The initial clues seem to place us in the town of Kilsyth, north west of Cumbernauld, in the Scottish central region. "N'oubliez', is the motto of the Marquess of Montrose, who was victorious in a battle against a team called 'The Covenanters', just outside of Kilsyth, c 15th August 1645. Travelling east out of Kilsyth would take us past the renaissance style mansion of Colzium house, which appears to have been built c 1783 for the Edmonstone family. Prior to this it had belonged to a good old Jacobite (at this point a glass of red wine should be raised in a toast to the king, over a bowl of water) called William Livingstone, 3rd Viscount of Kilsyth, who was like many Scottish families, declared attainted and had his estates forfeited, after keeping it real on a hunting expedition, went a bit too far (they were probably hunting the dragoons of the upstart Hanoverian pretender to the throne, c 1715).
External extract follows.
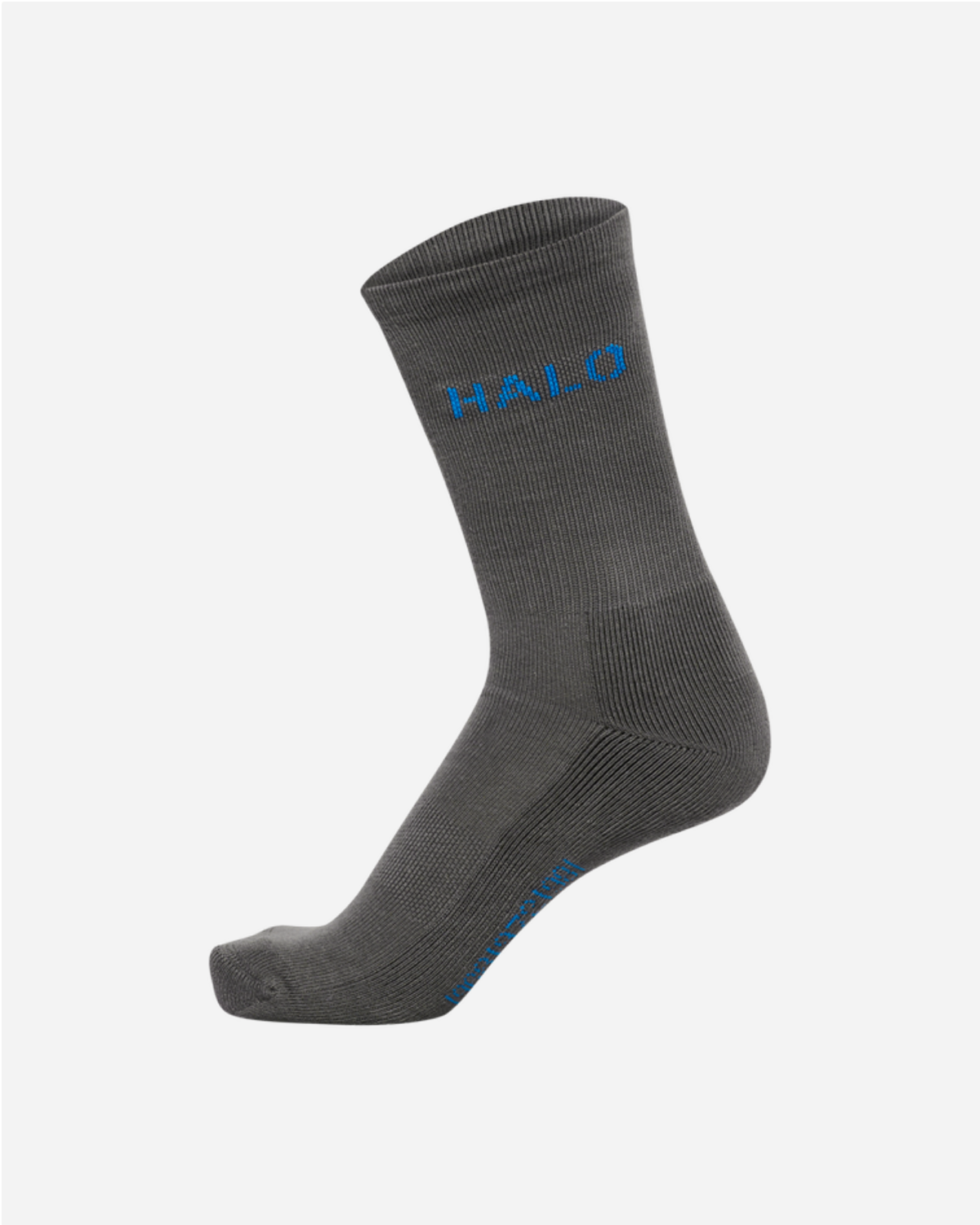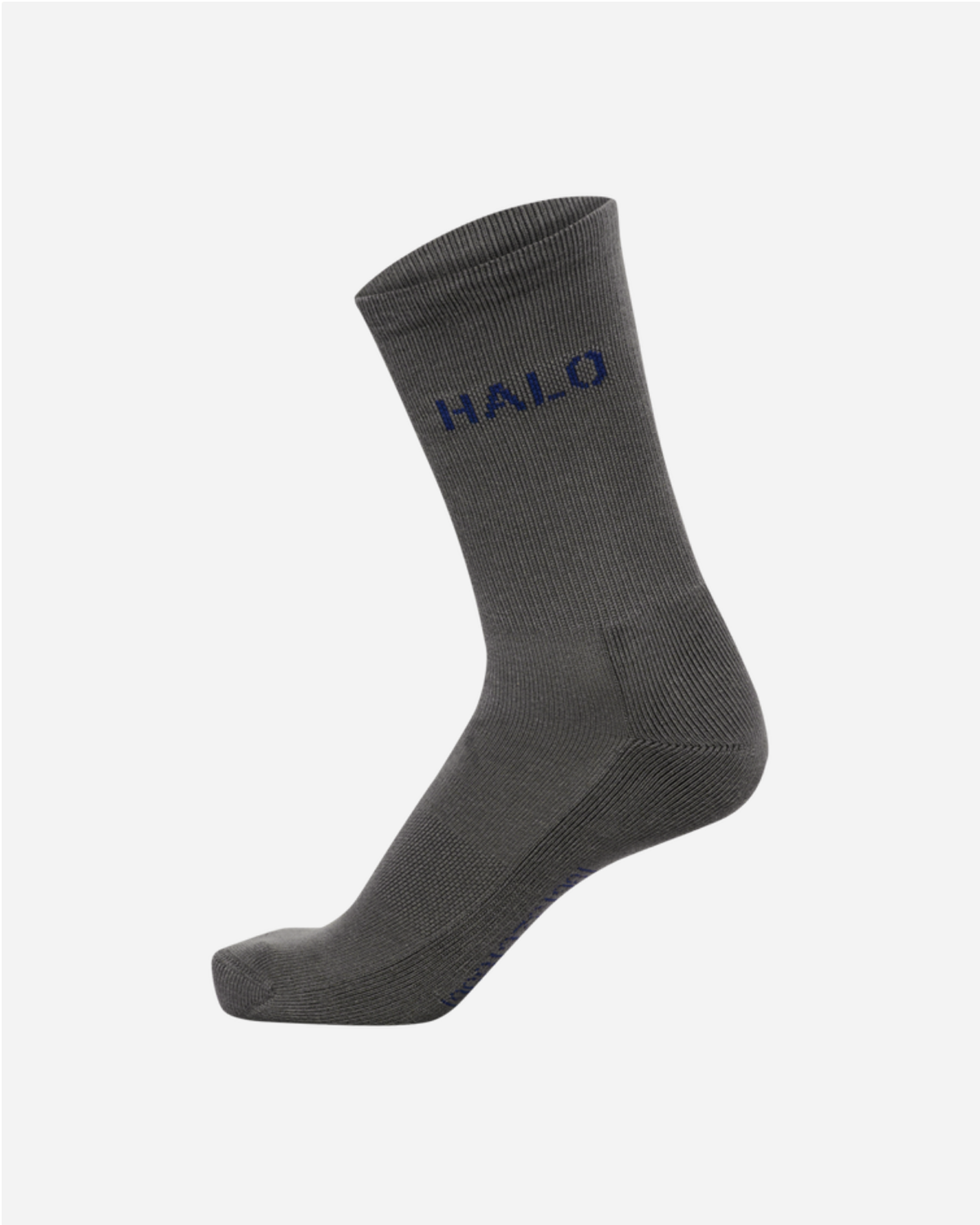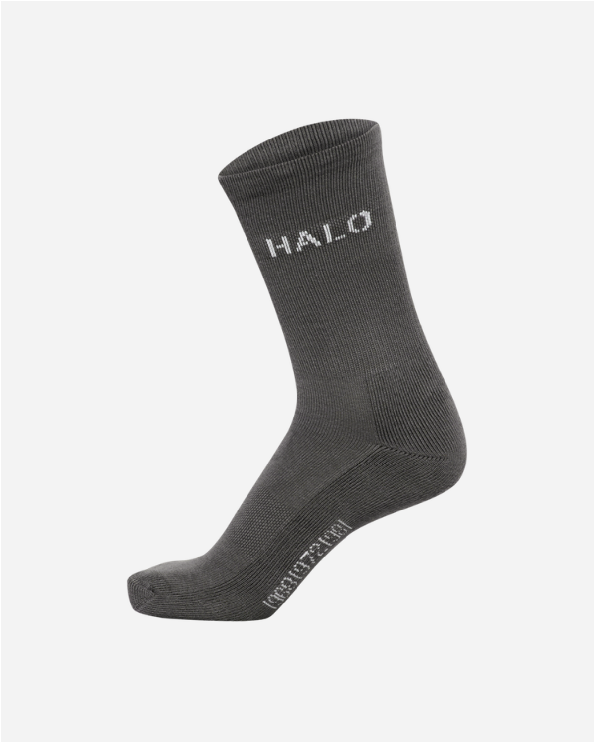 Halo Cotton Logo Socks - Gunmetal er sokker i en blød bomuldsblanding med det velkendte Halo logo. Et enkelt, hverdagsklart valg, hvis du vil have Halo med i dine sokker hver dag. Sokkerne er på lager hos Munk Store og klar til afsendelse, og der er flere Halo sokker på vej.

The former mining town of Kilsyth, lies close to the Antonine wall and the Forth & Clyde canal. Tracking eastward along the navigation, would bring us to the site of Rough Castle Roman fort. The 'Lilia' which are situated next to the fort, are the Roman version of Punji sticks ie they are pits, which at one time were filled with sharpened stakes and covered with brushwood or plant material to conceal them from any unwary attackers. A local historian once told the Eastender, that Falkirk churchyard, has twenty five thousand bodies buried in it, due to all of the fighting that happened in that neck of the woods. The forces of William Wallace (died c 1305) were defeated here in a clash with the nasty old fascist, Edward I, c 1298, while another good old Jacobite general called Lord George Murray (born c 1694), defeated an amateurish royalist general (Henry Hawley), at the battle of Falkirk Muir c 1746.

Falkirk is the birthplace of Andrew Greig Barr, born c 1872 and his most famous drink, Irn Bru, is widely drunk as a restorative in these parts, (mostly after a night out on the beer and whisky, in the Eastender's opinion).The only thing which comes close to being as good at curing what ails you, is coconut water......

Rough Castle, is situated very close the Falkirk Wheel, which by means of an ingenious rotating boat lift, held together with 15,000 bolts, connects the Forth & Clyde Canal, with the Union Canal. Prior to this, eleven locks were required to do the same job and these were demolished c 1933. 

N.B. The Eastender has moved to moderated comments due to the number of people who normally write poison pen letters in green ink, posting on his page. Rest assured though, if you have a non abusive comment relating to solving the puzzle and possible solutions, he will publish it.